Mom and my baby sister, Vickie, shared the bottom. I breathed a sigh of relief as we left Georgia–and my troubles–behind. We took turns reading aloud until it was time for bed. I stayed awake long after the others were asleep, enjoying the rocking motion of the train.
When it slowed down I raised the shade at the window and peeked out at the destinations passing, one small town after the other. I fell asleep, dreaming of angels riding the rails with me.
Late the following night, we arrived in Providence, Rhode Island. From there we drove on to Bridgewater, Massachusetts, where my maternal grandparents lived. Excited but exhausted, we climbed up the stairs to their three-story flat.
On my pillow was a new pair of pajamas and a new doll. When I slipped under the covers I still felt the train moving beneath me, like angels rocking me to sleep.

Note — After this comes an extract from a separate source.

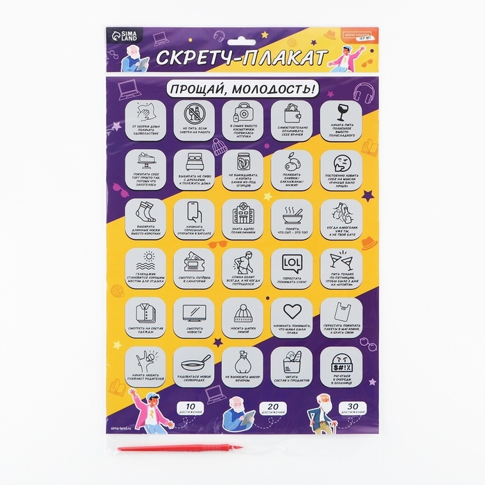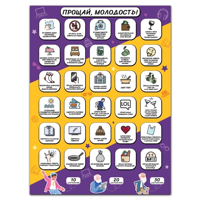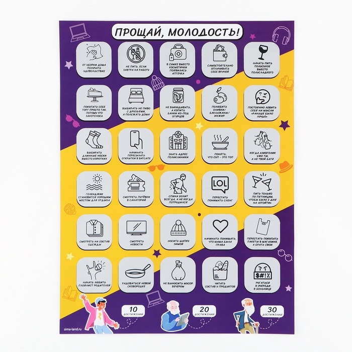 Этот плакат предлагает вам и вашим друзьям шанс проверить себя по забавному чек-листу из 30 пунктов, которые заставят вас задуматься и посмеяться над изменениями, которые происходят с возрастом.

Weeks drifted by like the scenery outside our Pullman car window. My sisters and I played house under the grapevine trellis, explored the town square, had sodas at the drugstore. This is the way life should be, I thought one afternoon on my way to the library.
I checked out as many books as I could carry and took them up to my grandparents’ attic along with my new doll. “Today I’m going to teach you about fractions,” I said to my “student.” “And we’re also going to learn some history from these books.”
All afternoon I lectured in my make-believe classroom, dreaming of becoming a real teacher. Why not? On summer days anything seemed possible. Except what I wanted most: for summer to last forever.
Eventually signs of autumn began to appear: back-to-school displays in shop windows, bales of hay in the fields. My grandparents waved good-bye to us at the station.
My angels had escorted me to a peaceful place, and I was sad to leave. That night, when Mom and my sisters were asleep, I peeked out the window, squinting, searching for my angels.
It was hard to see anything at all in the dark. Not like sitting on Dad’s lap in the very front of the train, where I could see by the engine’s light. It was as if my love of trains and angels was born that night. Over time my love for both had grown deeper.
In a way, I thought, each time I got on a train I was taking the best part of my father with me. Maybe I could hold on to my roundhouse-trip memory after all, and cherish the best of my dad.
I lay back and enjoyed the rocking motion of the train. One day I’d be old enough to ride on my own. I could go anywhere I pleased, make the life that I wanted. For now I knew that angels were coming home with me, always lighting my way.